In a time when popular culture blazes with immodest and immoral behavior, people of faith would do well to emulate Sarah and Abraham’s commitment to spreading Divine awareness.

Rabbi Miriyam Glazer, Professor of Literature Emerita at American Jewish University

With not us, but me. Not “our souls,” “my soul.”

How Abram’s words troubled our commentators. How incisively they noticed that Abram says “now I know” that Sarai is lovely. Had he not known before? Before leaving Haran; while, as midrash says, busy converting others, had either gazed upon the other in appreciation? Passion? Love? Before trudging from Haran to Canaan, through the searing/freezing desert to Egypt, had Abram ever pleasured in his wife’s beauty?

Had there been any intimacy between our ancestral parents?

Or is that very lack of intimacy, that failure to see one’s partner, the price one pays for focusing on one’s own life’s vision, one’s own mission? Does one have to choose, as the poet Yeats said, “perfection of the life or of the work”?

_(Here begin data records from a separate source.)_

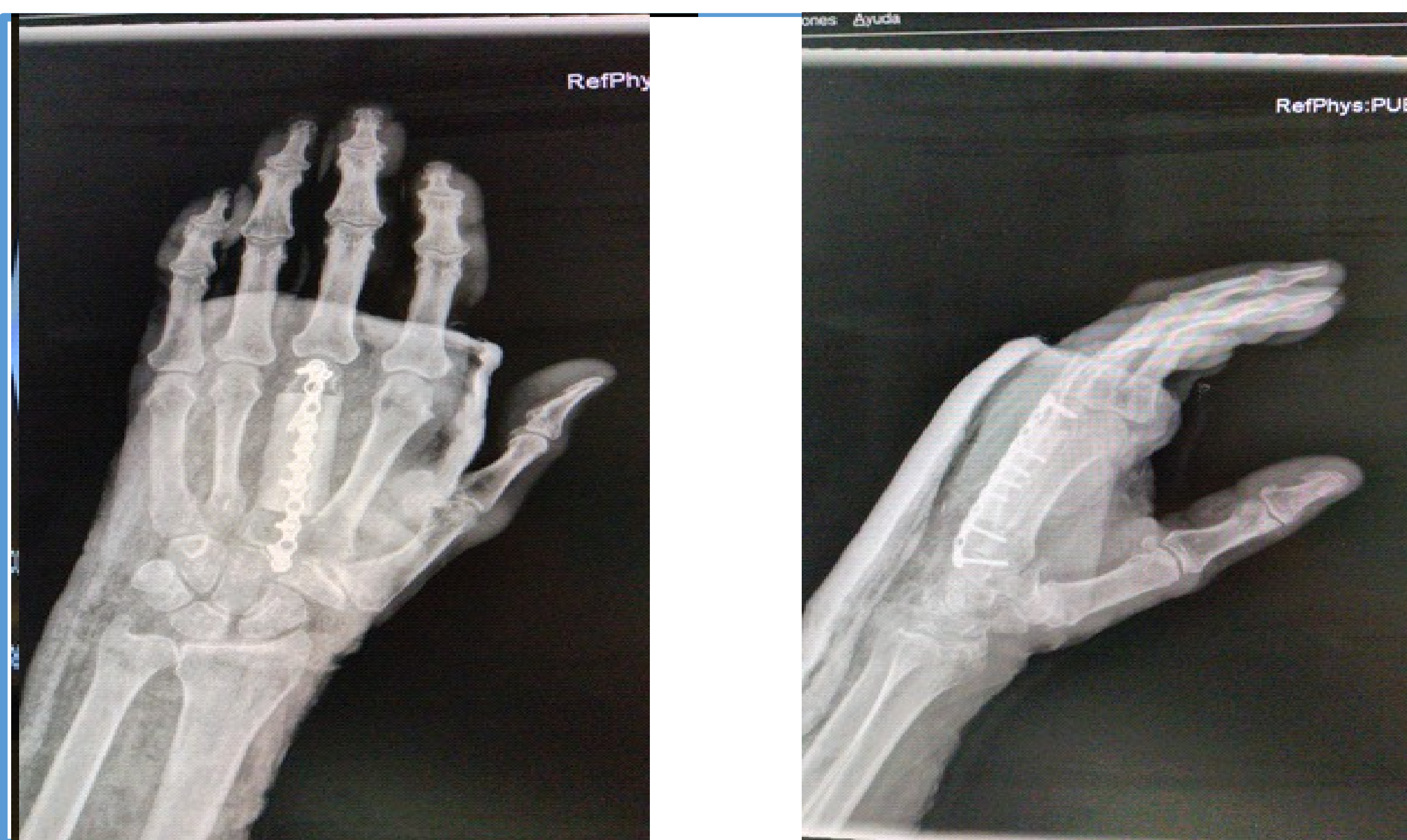
Fig 2. Radiografía posoperatoria
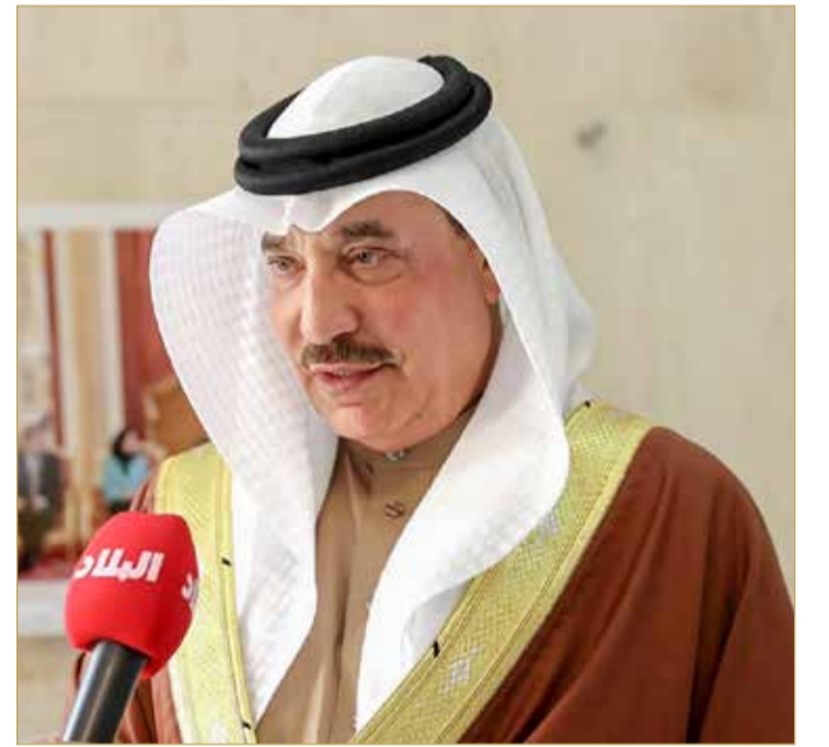
وزير العمل متحدًا لمندوبة "البلاد"
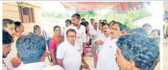
దేవరపల్లె: పోలింగ్ సరళిని పరిశీలిస్తున్న మాజీ మంత్రి ఎర్రబెల్లి
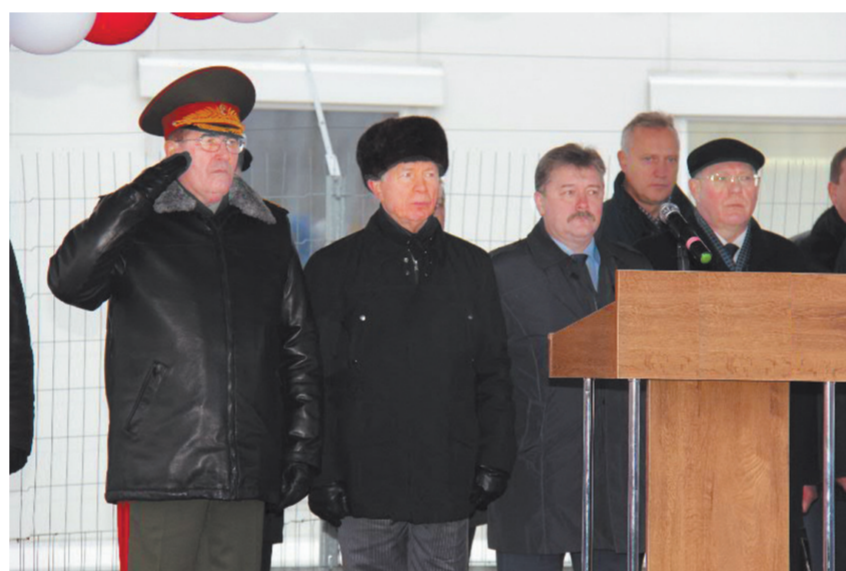
Митинг в честь начала пуско-наладочных работ комплекса по уничтожению боеприпасов сложной конструкции.

Их запасы не превышают двух десятых процента от общих, однако время для их уничтожения, как оценивают специалисты, потребует значительное. Начальником Федерального управления генерал-полковником Валерием Капашин поставлена задача — безусловное обеспечение безопасности. Сконструированные камеры расщепления и подрыва имеют десятикратный запас прочности, одновременно на линии будет находиться только 1 боеприпас. Поточная линия максимально автоматизирована и роботизирована. Другая страна, обладающая химическими боеприпасами сложной конструкции, имея финансовые, промышленные, технологические и иные ресурсы, заявила, что подойдет к созданию подобной линии не ранее чем через несколько лет.
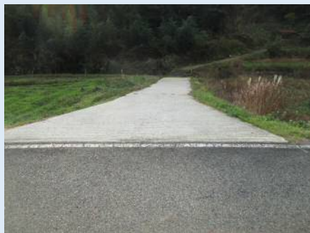
農道のコンクリート舗装
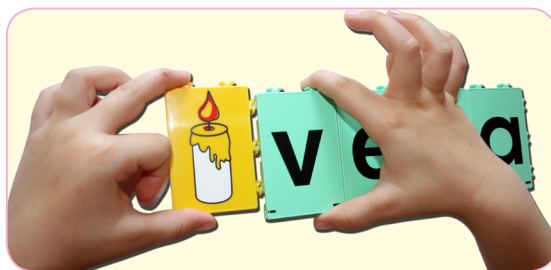
Unión de las fichas encajables

Con sus fichas se trabaja también la destreza manual
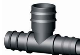
IP.616.XXX Bordás bővítő T-idom 16 x 20 x 16 - 32 x 40 x 32
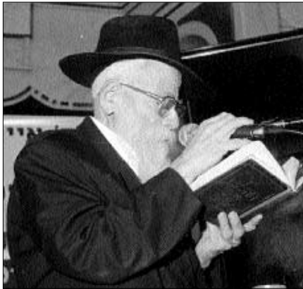
הרב וועלוול קסלמן
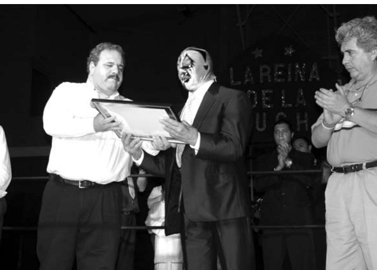
Homenaje al luchador potosino "Mil Máscaras"

El cierre de este proyecto fue de gran relevancia al presentarse en el auditorio de la Unidad Deportiva Universitaria la obra de Teatro "La Reina de la Lucha" escrita por Ignacio Betancourt. En esa ceremonia, en la que estuvo presente el rector de la UASLP, se rindió homenaje al luchador potosino "Mil Máscaras". La obra de Betancourt fue presentada también en el Concurso Estatal de Teatro y en el Centro Penitenciario de Readaptación Social La Pila, donde se rindió homenaje al luchador Blue Demon .
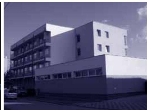
Zrekonštruovaný študentský domov Ruža.
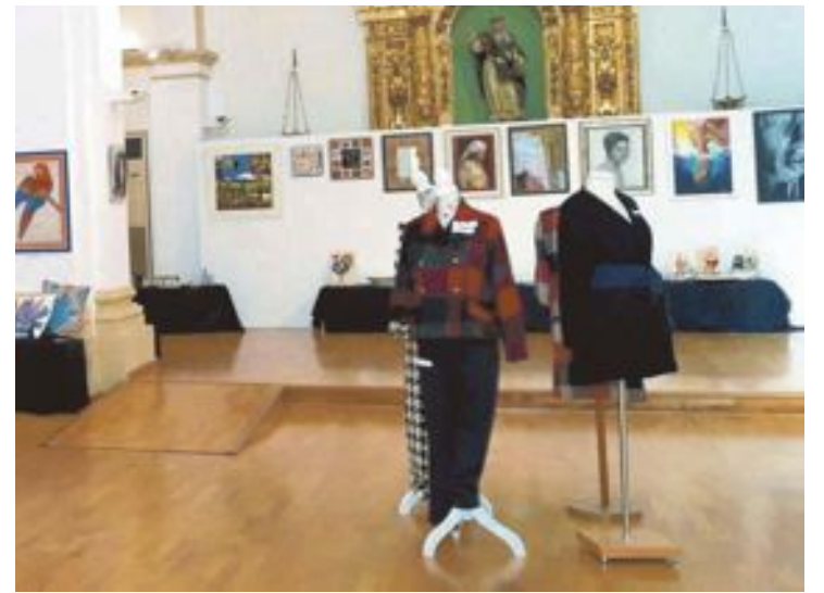
Exposició de Manualitats, Tall i Confecció, Costura i Ceràmica d'altra edició

El precio de las entradas oscila entre los 7 y los 30 euros, teniendo en cuenta los descuentos para mayores de 65 y menores de 30 años.
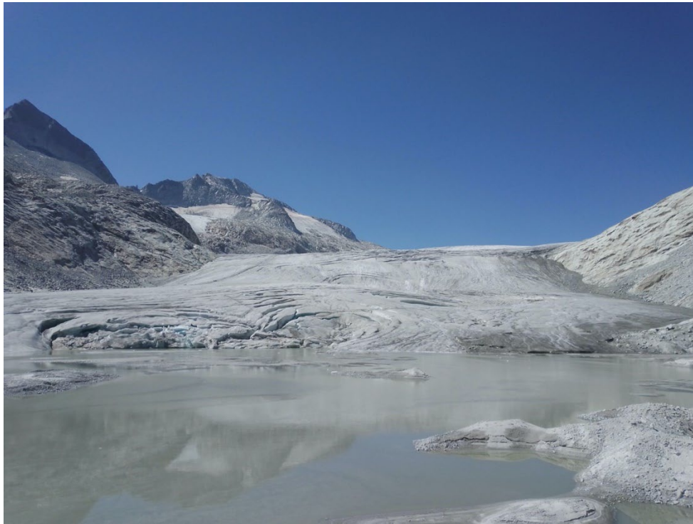
Figura 2 - Il “lago nuovissimo” formatosi presso la fronte del Ghiacciaio dell’Adamello ripreso il 18 luglio 2022

Le temperature dell’aria presso la diga di Pantano d’Avio, ai piedi del Monte Adamello sul versante lombardo, sono aumentate di circa 0.4^{\circ}\text{C} ogni dieci anni, con effetti molto gravi anche sul permafrost, la cui fusione rende instabili le pareti rocciose e aumenta il pericolo per gli alpinisti.

The cost of Abram’s choice is dear. “Sarai” disappears. Like the enslaved women of the American South, the Yazidi women under ISIS. Like any woman viewed as an object, Sarai is erased. The Egyptians saw the woman … the woman was taken into Pharaoh’s house (Genesis 12: 14, 15). Only God’s intervention — afflicting Pharaoh — restores her identity, and then with bitter irony, she is again “Sarai, Abram’s wife.” (Genesis 12:17)

But just as Isaac will disappear after the Akedah, Sarai now disappears from the text. When she returns, it is to offer “Hagar her handmaid the Egyptian” to Abraham. I wonder, when she did so, whether she looked her husband straight in the eye.